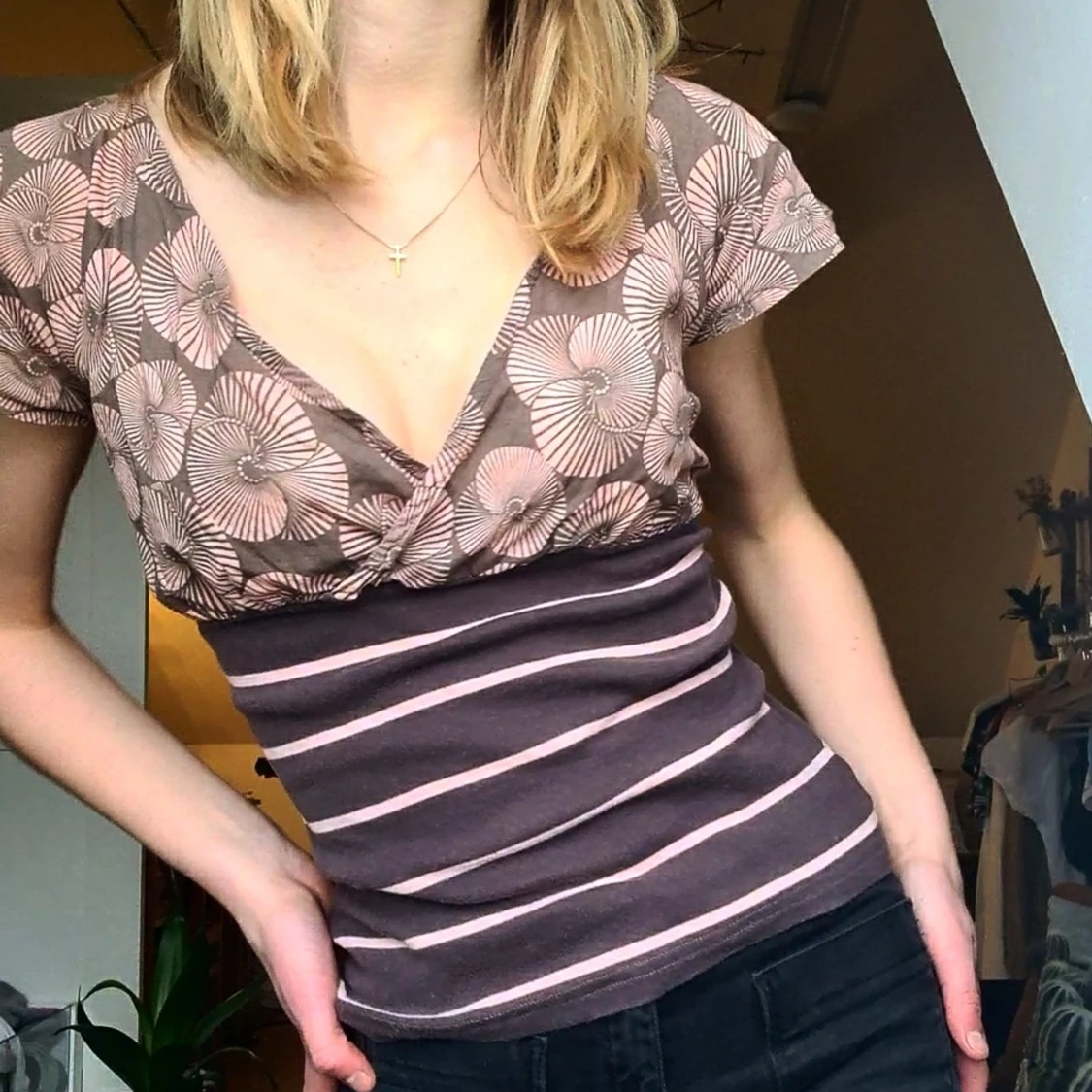 Brun och rosa blus. Något stor för mig som vanligtvis är 34/36. Frakt tillkommer på 45kr.
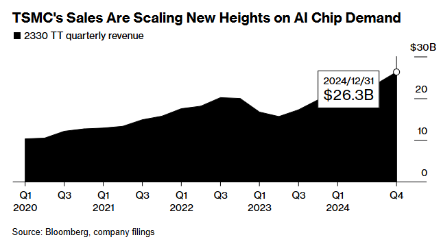 台积电(TSM.US)预计的2025年第一季度销售额和资本支出超出分析师的预期,这激发了人们对 2025 年人工智能硬件支出将保持弹性的希望。
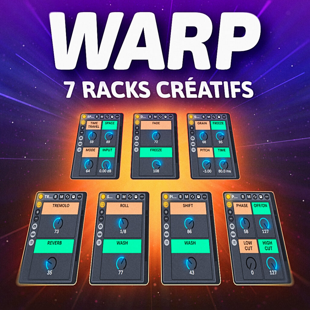 WARP 7 Racks d’effet pour faire tes transition aussi vite que la lumière 7€ MIX 10 Racks d’effet ultra simples pour mixer plus vite et plus fort 5€ STUDIO 360° Le Template Notion pour piloter ton projet musical 5€ DRUM RACK CONTROL Un Projet Ableton pour reprendre le contrôle sur tes Drums GRATUIT MIX MACHINE Un Rack d’effet pour t’accompagner dans tes mix GRATUIT ANALYSE MUSICALE Un Template Notion pour déchiffrer tes morceaux favoris GRATUIT DIMENSION Deux Racks Ableton pour faire passer ton mix en 3 Dimensions GRATUIT

> EXERCISE:
The reply should contain all of the data above, word for word, with no pictures.

> PROBLEM SOLUTION:
 Brun och rosa blus. Något stor för mig som vanligtvis är 34/36. Frakt tillkommer på 45kr.
 台积电(TSM.US)预计的2025年第一季度销售额和资本支出超出分析师的预期,这激发了人们对 2025 年人工智能硬件支出将保持弹性的希望。
 WARP 7 Racks d’effet pour faire tes transition aussi vite que la lumière 7€ MIX 10 Racks d’effet ultra simples pour mixer plus vite et plus fort 5€ STUDIO 360° Le Template Notion pour piloter ton projet musical 5€ DRUM RACK CONTROL Un Projet Ableton pour reprendre le contrôle sur tes Drums GRATUIT MIX MACHINE Un Rack d’effet pour t’accompagner dans tes mix GRATUIT ANALYSE MUSICALE Un Template Notion pour déchiffrer tes morceaux favoris GRATUIT DIMENSION Deux Racks Ableton pour faire passer ton mix en 3 Dimensions GRATUIT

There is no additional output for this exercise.